Poster
in
Workshop: Machine Learning in Structural Biology
Estimating protein flexibility via uncertainty quantification of structure prediction models
Charlotte Sweeney · Nele Quast · Fabian Spoendlin · Yee Whye Teh
Deep learning architectures, such as AlphaFold2, have effectively solved the protein structure prediction problem however, they do not rigorously account for conformational variance in protein structures despite many proteins exhibiting flexible regions in which a single amino acid sequence may occupy a variety of conformations. In particular, using confidence metrics such as the pLDDT score, it is not readily possible to distinguish between regions of the protein structure where the prediction model is uncertain because the region is out-of-distribution or because the region is intrinsically flexible.

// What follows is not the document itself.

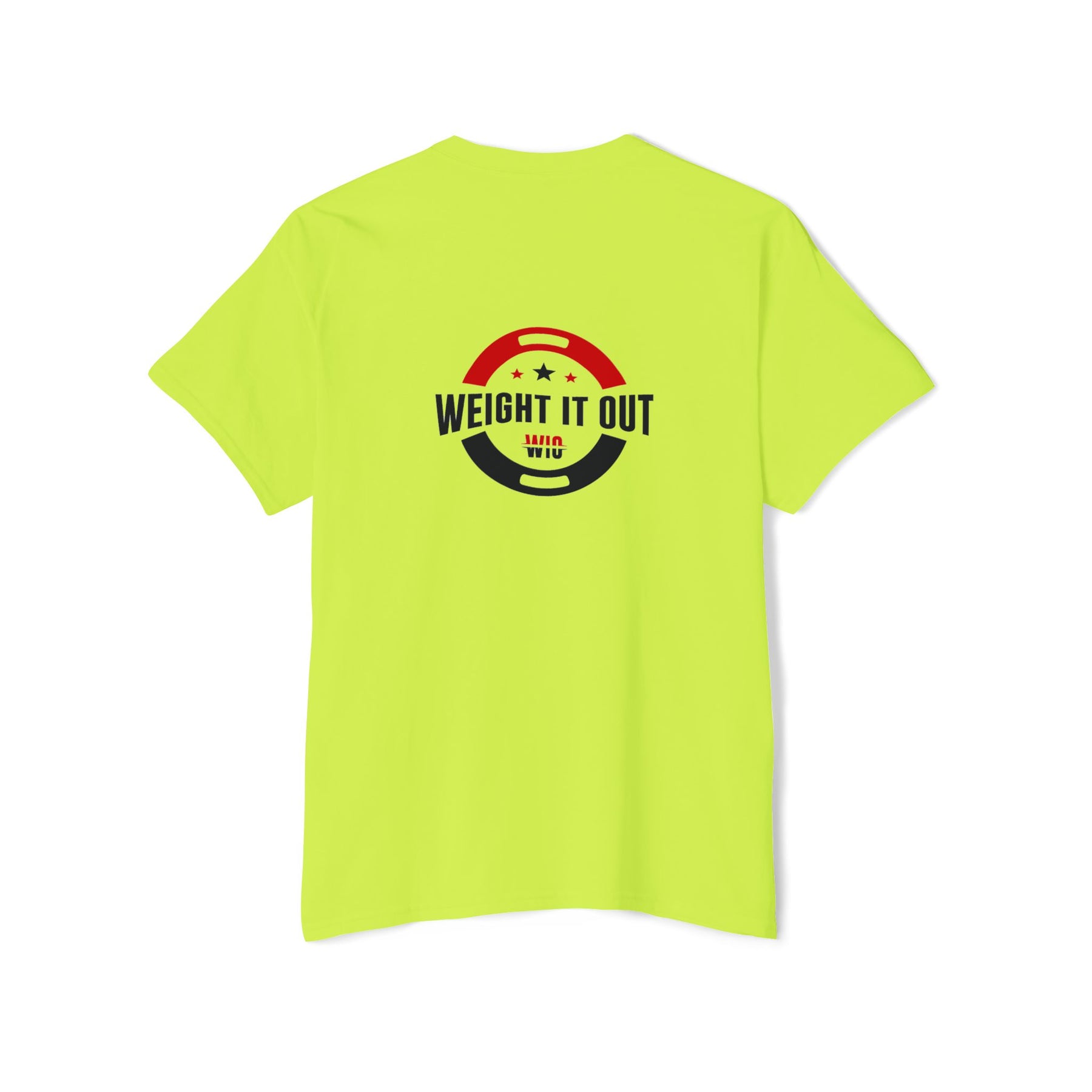 Weight It Out Pocket Tee — Fitness Gym T‑Shirt with 'Weight It Out' Barbell Logo on Back

Here, we use a novel approach to estimate protein flexibility via uncertainty quantification. Specifically, we reformulate the protein structure prediction problem as sampling a backbone function from a Gaussian process which enables us to cast flexibility estimation as aleatoric uncertainty quantification. We adapt the AlphaFold2 Structure Module architecture to produce such estimates of aleatoric uncertainty and compare these to existing proxies for conformational variance. We demonstrate the utility of our formalisation for approximating protein flexibility in a prediction framework, and our experiments demonstrate the promise of our method whilst emphasising the relationship between epistemic and aleatoric uncertainty in protein structure prediction.